Com a preocupação natural de quem conhece os riscos, para a sociedade, de um processo de captura das estruturas públicas pelo crime organizado, venho acompanhando esse caso da intromissão do deputado no comando do 4º Batalhão da Polícia Militar desde o momento da exoneração e da denúncia do tenente-coronel Erir Ribeiro da Costa. Posso, com tranqüilidade, assegurar que os deputados estaduais membros da Comissão de Segurança Pública e Polícia da Assembléia Legislativa -Flávio Bolsonaro, Délio Leal, Paulo Ramos, Noel de Carvalho e Carlos Minc – têm consciência de suas responsabilidades e obrigações políticas e, por isso, imediatamente, um dia após a denúncia do tenente-coronel, iniciaram os procedimentos de investigação do caso. O relatório que apresentaram à Mesa Diretora da Assembléia não merece reparos e é bom ressaltar que a comissão simplesmente sugeriu a abertura de um processo de cassação, no curso do qual o acusado teria a mais ampla oportunidade de defesa.
O arquivamento, por evidente instrução do Palácio Laranjeiras, soa como confirmação de culpa do deputado Chiquinho da Mangueira, e transfere o sabor da burla e da impotência, para a população, nela incluídos os deputados autores do relatório arquivado e outros tantos que perseguem na Assembléia oportunidade para bem cumprir os mandatos.

A minha iniciativa de propor a constituição de uma Comissão Parlamentar de Inquérito na Câmara dos Deputados, a partir da notícia de arquivamento do relatório da Comissão de Segurança Pública e Polícia da Assembléia, tem como ânimo investigar ações e atitudes de um grupo de parlamentares estaduais que, por atos ou omissões e para atender interesses pessoais, segue estimulando ilicitudes e impunidade. Não tive e não tenho a intenção de levar a Assembléia Legislativa do Rio de Janeiro ao cadafalso, como foi levado o nosso herói da Independência, Joaquim José da Silva Xavier, o Tiradentes, que empresta o seu nome ao Palácio que abriga os deputados estaduais. Muito ao contrário disso, vão a minha biografia e o meu compromisso público, reconhecidos na convicção de fortalecimento das instituições democráticas. A CPI que busco tem o propósito de fortalecer o Parlamento estadual pela identificação e expurgo, com o instrumento legítimo e adequado, daqueles que são inadequados ao jogo político com as regras legais.

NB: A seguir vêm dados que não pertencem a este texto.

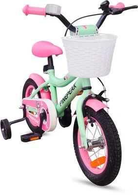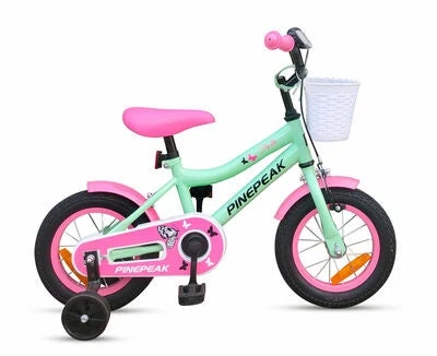 Barnesykkel fra Pinepeak med en fargerik design. Den har en kurv og støttehjul. Barnesykkelen har en håndbrems, en sykkelklokke, en heldekkende kjedebeskyttelse og reflekser. – 12 tommer. – CE-merket. – Maksimal vekt: 20 kg. – Anbefalt alder: fra 2 til 4 år. – 80 % metall, 10 % gummi, 10 % plast.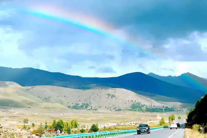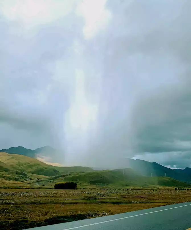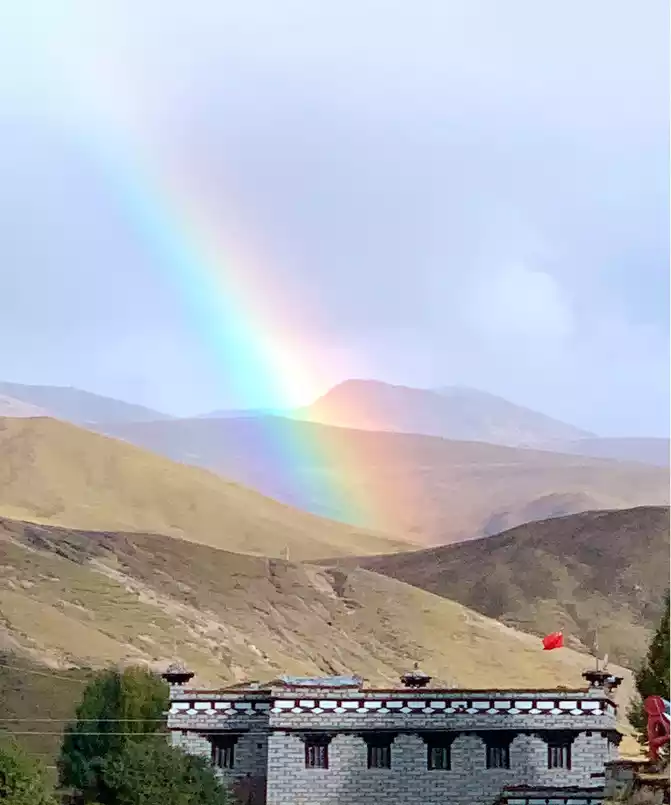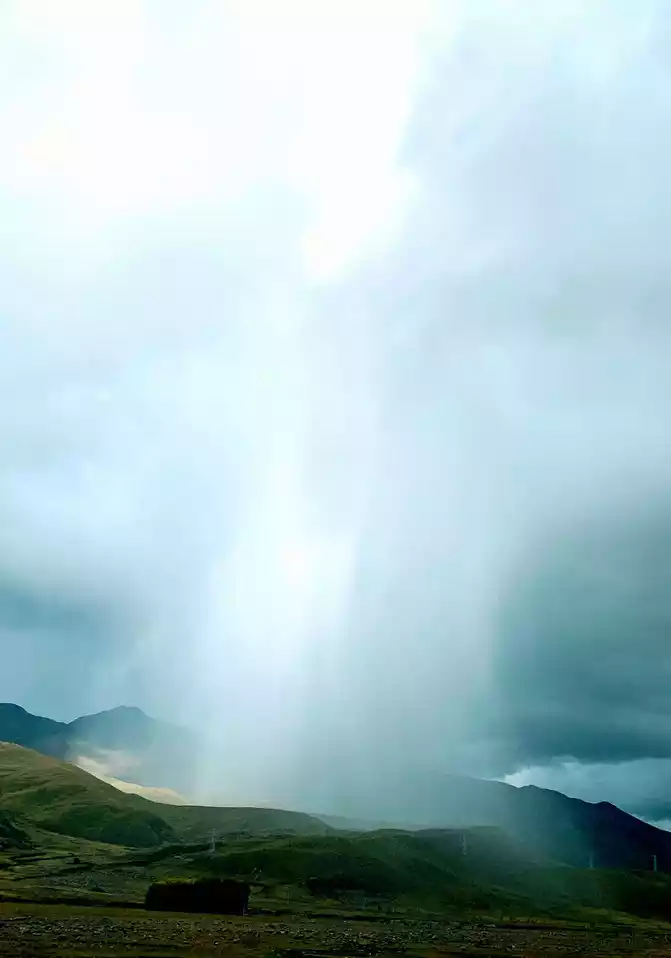 After staying in the "red grassland" for about 25 minutes, the sky suddenly darkened, dark clouds overhead, and a heavy rain came unexpectedly. However, this violent precipitation was only concentrated on a small hill not far from us, and there was almost no rain around, and it looked like a huge waterfall falling from the sky from a distance, and the scene was extremely spectacular, which was the real "Milky Way falling for nine days". The rainstorm on the plateau came and went in a hurry, and after a while, the rain cleared up, and a beautiful rainbow appeared.

Não há quem não reconheça que a maneira mais rápida e eficiente de destruir as instituições públicas, e com elas a democracia, não é pela crítica que se faz aos seus erros e equívocos, mas sim pela resignação, paciência, omissão ou, mais grave, conivência com ilicitudes que comprometem o fluxo do processo político. Os parlamentares estaduais de bons propósitos, soterrados por um grupo construído por métodos políticos não ortodoxos, poderão obter da Câmara dos Deputados – com a instalação da CPI que estou propondo – uma oportunidade para realizar na Alerj um trabalho livre e soberano, comprometido somente com as expectativas e ansiedades de seus eleitores, como, aliás, é a antiga tradição da casa, circunstancialmente interrompida. É exclusivamente isso o que pretendo.